Martin W. Miller, Ph.D.
Food Science and Technology
Martin Wesley Miller
(Obituary from the "The Davis Enterprise," Saturday April 30, 2005.)
Martin Wesley Miller, professor emeritus of the food science and technology department at UC Davis, died after a short illness on April 23, 2005, in Sacramento. He was 80.
A graveside service will begin at 11 a.m. Thursday at the Davis Cemetery. A reception will follow at Sudwerk, 2001 Second St. in Davis.
Born Jan. 8, 1925, in Belden, Neb., to Emma B. and Dr. Earl E. Miller, his early years were spent in Scotia and Culbertson, Neb. His mother died when he was 7 years old, and his father, the town doctor, died in 1939. He and his younger brother Stephen lived in foster homes until his graduation from high school.
He tried to enlist in the armed services when Pearl Harbor was attacked in 1941, but was refused because he was underage.

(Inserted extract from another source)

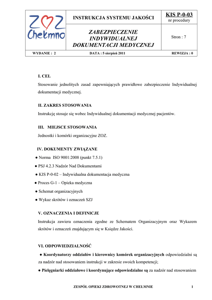 INSTRUKCJA SYSTEMU JAKOŚCI ZABEZPIECZENIE INDYWIDUALNEJ DOKUMENTACJI MEDYCZNEJ WYDANIE : 2 DATA : 5 sierpień 2011 KIS P-0-03 nr procedury Stron : 7 REWIZJA : 0 I. CEL Stosowanie jednolitych zasad zapewniających prawidłowe zabezpieczenie Indywidualnej dokumentacji medycznej. II. ZAKRES STOSOWANIA Instrukcję stosuje się wobec Indywidualnej dokumentacji medycznej pacjentów. III. MIEJSCE STOSOWANIA Jednostki i komórki organizacyjne ZOZ. IV. DOKUMENTY ZWIĄZANE ● Norma ISO 9001:2008 (punkt 7.5.1) ● PSJ 4.2.3 Nadzór Nad Dokumentami ● KIS P-0-02 – Indywidualna dokumentacja medyczna ● Proces G-1 – Opieka medyczna ● Schemat organizacyjnych ● Wykaz skrótów i oznaczeń SZJ V. OZNACZENIA I DEFINICJE Instrukcja zawiera oznaczenia zgodne ze Schematem Organizacyjnym oraz Wykazem skrótów i oznaczeń znajdującym się w Księdze Jakości. VI. ODPOWIEDZIALNOŚĆ ● Koordynatorzy oddziałów i kierownicy komórek organizacyjnych odpowiedzialni są za nadzór nad stosowaniem instrukcji w zakresie swoich kompetencji; ● Pielęgniarki oddziałowe i koordynujące odpowiedzialne są za nadzór nad stosowaniem ZESPÓŁ OPIEKI ZDROWOTNEJ W CHEŁMNIE 1 INSTRUKCJA SYSTEMU JAKOŚCI KIS P-0-03 ZABEZPIECZENIE INDYWIDUALNEJ DOKUMENTACJI MEDYCZNEJ WYDANIE : 2 DATA : 5 sierpień 2011 nr procedury Stron : 7 REWIZJA : 0 instrukcji w zakresie dokumentowania opieki pielęgniarskiej/położniczej; ● Koordynator SZJ odpowiedzialny jest za: ► nadzorowanie prawidłowej realizacji instrukcji; ► coroczną weryfikację instrukcji i ocenę jej realizacji na Przeglądzie Zarządzania; VII. OPIS POSTĘPOWANIA Zasady zabezpieczenia indywidualnej dokumentacji medycznej: ► Historia Choroby zakładana jest w Izbie Przyjęć i przenoszona do oddziału przez pielęgniarkę lub ratownika; ► Z chwilą przyjęcia pacjenta/ki w oddział dokumentacja jest przekazywana pielęgniarce danego oddziału; ► W czasie przewożenia pacjenta/ki na blok operacyjny Indywidualna Dokumentacja Medyczna zostaje przekazana przez pielęgniarkę przywożącą pacjenta/kę pielęgniarce anestezjologicznej bloku operacyjnego; ► W czasie trwania zabiegu lub operacji znajduje się na stanowisku pracy anestezjologa; ► W czasie pobytu chorej w sali pooperacyjnej IDM znajduje się w dyżurce pielęgniarskiej; ► W czasie trwania badań diagnostycznych lub konsultacji nadzór nad IDM sprawuje personel medyczny (lekarz, pielęgniarka); ► Dokumentacja medyczna znajduje się pod nadzorem personelu medycznego i jest przechowywana w: ▪ pokojach lekarskich; ▪ dyżurkach pielęgniarskich; ▪ rejestracjach; ZESPÓŁ OPIEKI ZDROWOTNEJ W CHEŁMNIE 2 INSTRUKCJA SYSTEMU JAKOŚCI KIS P-0-03 ZABEZPIECZENIE INDYWIDUALNEJ DOKUMENTACJI MEDYCZNEJ WYDANIE : 2 DATA : 5 sierpień 2011 nr procedury Stron : 7 REWIZJA : 0 ► Dokumentacja medyczna jest przechowywana w miejscach niedostępnych dla osób nieupoważnionych; Udostępnianie indywidualnej dokumentacji medycznej ● Dokumentacja medyczna jest udostępniana: ► do wglądu w ZOZ; ► poprzez sporządzenie jej wyciągów, odpisów lub kopii; ► poprzez wydanie oryginału za pokwitowaniem odbioru i z zastrzeżeniem zwrotu po wykorzystaniu, jeżeli uprawniony organ lub podmiot żąda udostępnienia oryginałów tej dokumentacji. ● Za udostępnienie dokumentacji medycznej w formie wyciągów, odpisów lub kopii, ZOZ może pobierać opłatę. Maksymalna wysokość opłaty za jedną stronę wyciągu lub odpisu dokumentacji medycznej - nie może przekraczać 0,002 przeciętnego wynagrodzenia (dotyczy to również udostępniania dokumentacji na elektronicznym nośniku), jedną stronę kopii dokumentacji medycznej - nie może przekraczać 0,0002 przeciętnego wynagrodzenia. ● Aby uzyskać wyciąg, odpis lub kopię dokumentacji medycznej należy złożyć pisemny wniosek o wydanie kopii dokumentacji medycznej w sekretariacie ZOZ lub w Dziale Statystyki Medycznej ZOZ w Chełmnie; ● Dokumentację medyczną można udostępnić wyłącznie pacjentowi oraz tej osobie, której nazwisko pacjent zgłosił do dokumentacji w momencie przyjęcia do szpitala; ● W przypadku odbioru dokumentacji przez osobę upoważnioną, dodatkowo należy złożyć upoważnienie do wydania kopii dokumentacji medycznej; ZESPÓŁ OPIEKI ZDROWOTNEJ W CHEŁMNIE 3 INSTRUKCJA SYSTEMU JAKOŚCI KIS P-0-03 ZABEZPIECZENIE INDYWIDUALNEJ DOKUMENTACJI MEDYCZNEJ WYDANIE : 2 DATA : 5 sierpień 2011 nr procedury Stron : 7 REWIZJA : 0 ● Udostępnienie dokumentacji medycznej nastąpi w terminie do 7 dni roboczych, licząc od daty złożenia wniosku, odbiór w Dziale Statystyki Medycznej ZOZ lub odpowiedniej Poradni; ● W przypadku gdy udostępnienie dokumentacji nie jest możliwe, odmowa wymaga zachowania formy pisemnej oraz podania przyczyny. VIII. ZAŁĄCZNIKI Załącznik 1 – Wniosek o wydanie kopii dokumentacji medycznej Załącznik 2 – Upoważnienie do wydania kopii dokumentacji medycznej Załącznik 3 - Karta zmian ZESPÓŁ OPIEKI ZDROWOTNEJ W CHEŁMNIE 4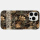 Customize this fall leaves camouflage iPhone 16 pro max case with your name in a trendy modern CAP font in brown on opaque cream. It's masculine and perfect for your favorite military, hunting, country or outdoorsman!

On the night he graduated from Culbertson High School in May 1942, he turned down a scholarship to the University of Nebraska and took a job overseeing a rail shipment of cattle to California where he joined his half-sister, Mae.
He worked various jobs until he found a recruiter who looked the other way and enlisted in the U.S. Navy, where he served as a radioman first class stationed in Honolulu, until his discharge in 1946.
During his service, he met and fell in love with Patricia Meyer of Oakland. They were married July 11, 1948, in Berkeley, where they were both students. He studied bacteriology while at UC Berkeley and received his bachelor's degree in June 1950.
On Jan. 16, 1952, their first child, Stephen, was born. After receiving his master's degree in food science in June 1952, Martin and Patricia moved to West Sacramento so he could continue working on his doctorate, working closely with Emil Mrak in the department of food science and technology at UC Davis. Son Craig was born in 1954 and daughter Susan in 1956.
He received his doctorate degree in microbiology in 1958 and the family moved to Davis, where he resided until his death.
He was an internationally recognized expert in food science. He had two books and numerous scientific articles published in the fields of food dehydration, food microbiology, fermentation, food spoilage by yeasts and molds, yeast taxonomy and ecology.
He was a researcher and consultant to the dried fruit and olive industries, as well as in international program activities in food science in Brazil, Saudia Arabia and Egypt. In 1964 he received a Fulbright Senior Research Award to Australia and the National Science Foundation Japan Society Science Award from 1967 to 1969. He was a Fellow of the American Academy of Microbiology and the Institute of Food Technologists.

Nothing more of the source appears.